There are now 4.3 million people waiting for hospital treatment and 140,000 people were added to the list between January and April this year.

A year ago there were 4 million people on the list, and two years earlier it was 3.78 million.

“We must not forget that behind these numbers are patients waiting in pain and discomfort,” said Professor Derek Alderson, president of the Royal College of Surgeons.

He added those patients are “possibly unable to work or look after themselves, all the while worried about when they might receive the treatment they need”.

“Living this way for months on end can have a huge impact on quality of life and further deterioration in their health.”

Typical procedures that people have to wait for are joint replacements and cataract surgery.

In addition the proportion of patients with suspected cancer who are seen within two weeks of urgent referral is at the lowest level since records began.

In April, just 89.9 percent were seen within a fortnight of an urgent GP referral, the lowest figure for a decade.


The proportion of cancer patients receiving their first treatment within the target 62 days of an urgent GP referral is just 77 percent.
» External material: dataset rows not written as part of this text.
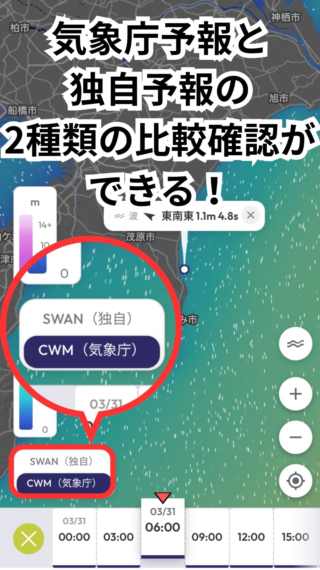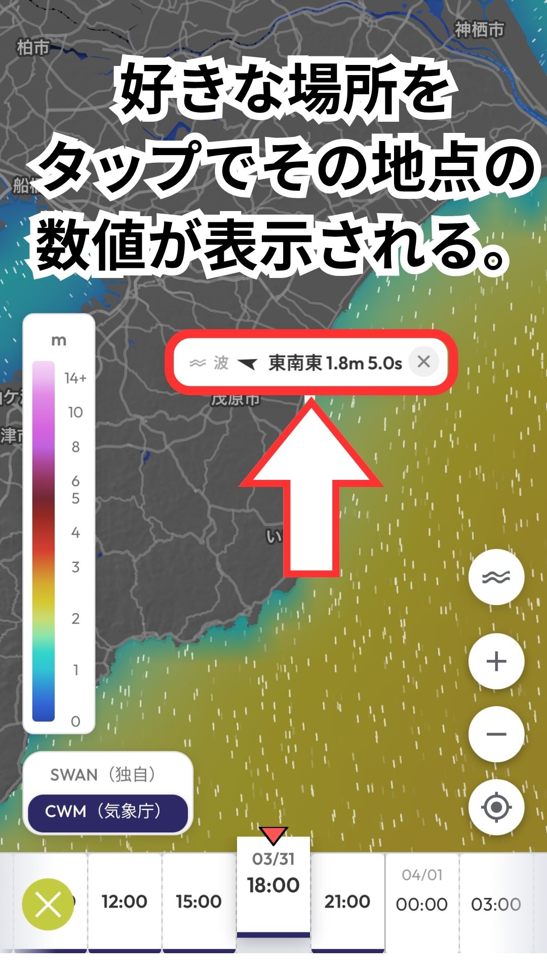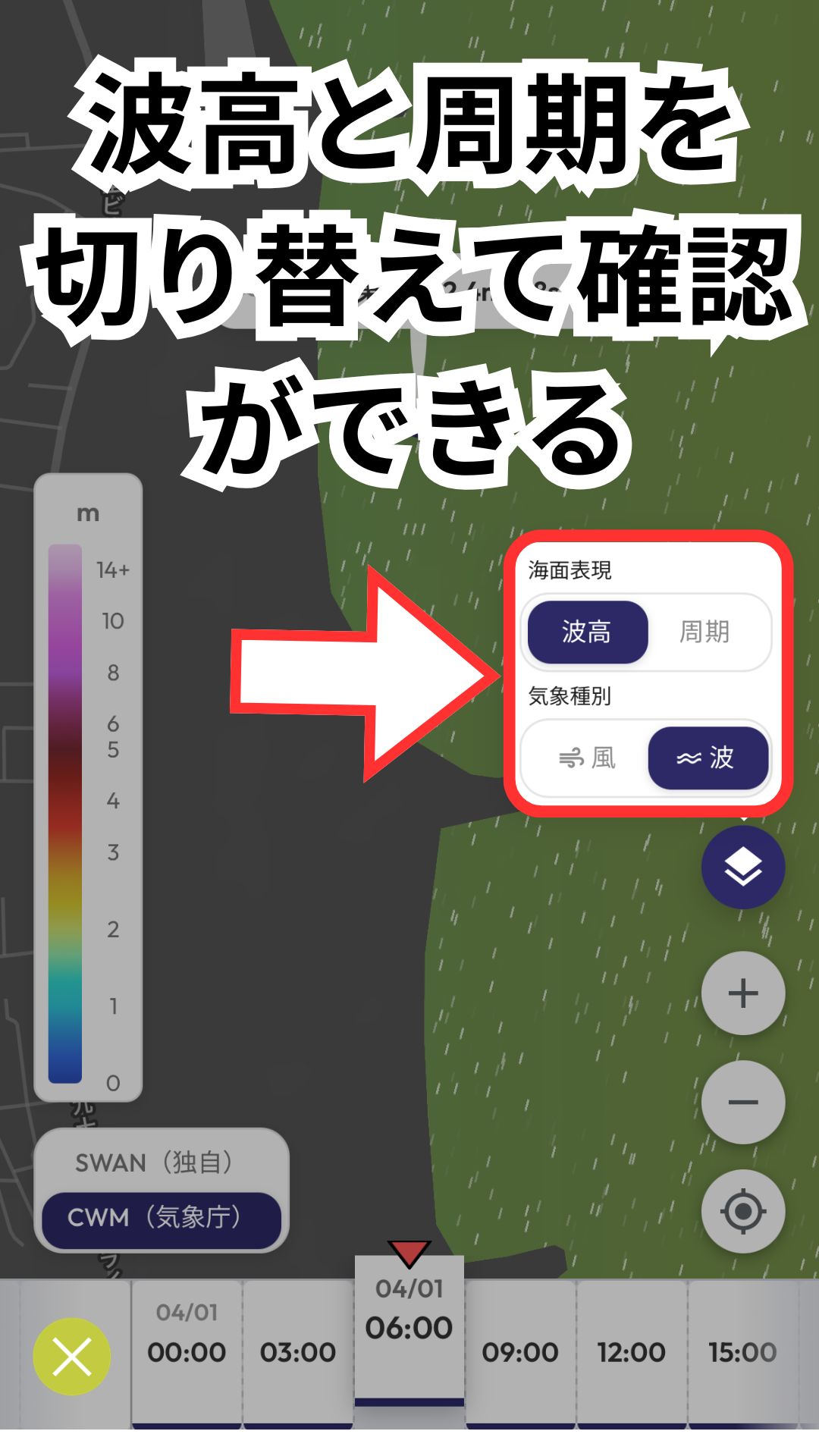 地図上で波の動きをダイレクトに把握できるようになります。
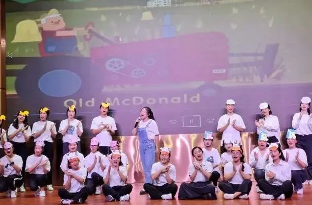活动现场,小学教育系学生们在欢快的旋律中,动情演唱彝、汉、英儿歌,动人的旋律将师生们带回美好童年,台上台下共同欢唱。
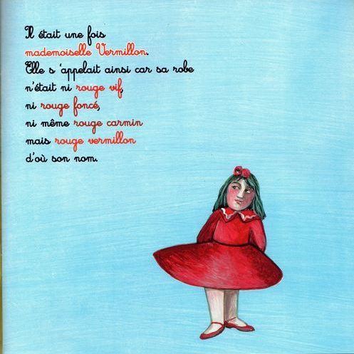 « Il était une fois, mademoiselle vermillon, elle s’appelait ainsi car sa robe n’était ni rouge vif, ni rouge foncé, ni même rouge carmin mais rouge vermillon d’où son nom »
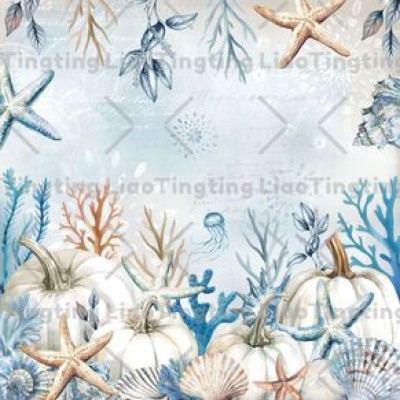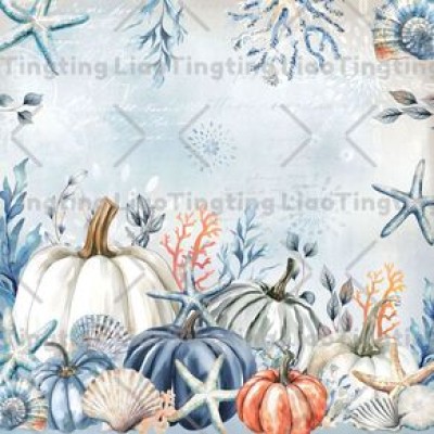 Thanksgiving,Autumn,Coastal,Pumpkin,Starfish,Shell,Coral,Blue Background

One in four patients have had no treatment two months or more after they were diagnosed with suspected cancer.

The data comes after MPs published a damning report earlier this week warning that patients are being put at risk due to long NHS waits.

Other data shows ambulance trusts struggling to hit targets, in particular the aim to treat or discharge patients within four hours of arriving at an Accident & Emergency department.

BMA consultants’ committee chair Dr Rob Harwood said, “This latest set of NHS figures show a health service descending into an ever-deepening crisis and closer to a system unfit for purpose.

“Despite the BMA warning over a month ago of the crisis in cancer care, it is extremely concerning that we are continuing to see a rising trend in the number of patients forced to wait over two weeks to see a cancer specialist after their GP referral, further adding to their distress.”

Siva Anandaciva, chief analyst at the King’s Fund think tank, said: “These figures show NHS performance is heading in the wrong direction.

“Despite the best efforts of NHS staff, it is hard to see how the NHS can get back to delivering its performance standards while it remains in the grip of a workforce crisis.

“If the government is serious about giving patients timely access to care, it must deliver on its promises to address staffing shortages and provide investment and reform for social care and preventative services.”

Every day the Tories remain in office the NHS crisis worsens. Action is needed now against the cuts, closures and privatisation polices that are causing such disasters.

Waiting for a general election is too little and too late.

The trade union leaders and Jeremy Corbyn should put themselves at the head of real resistance.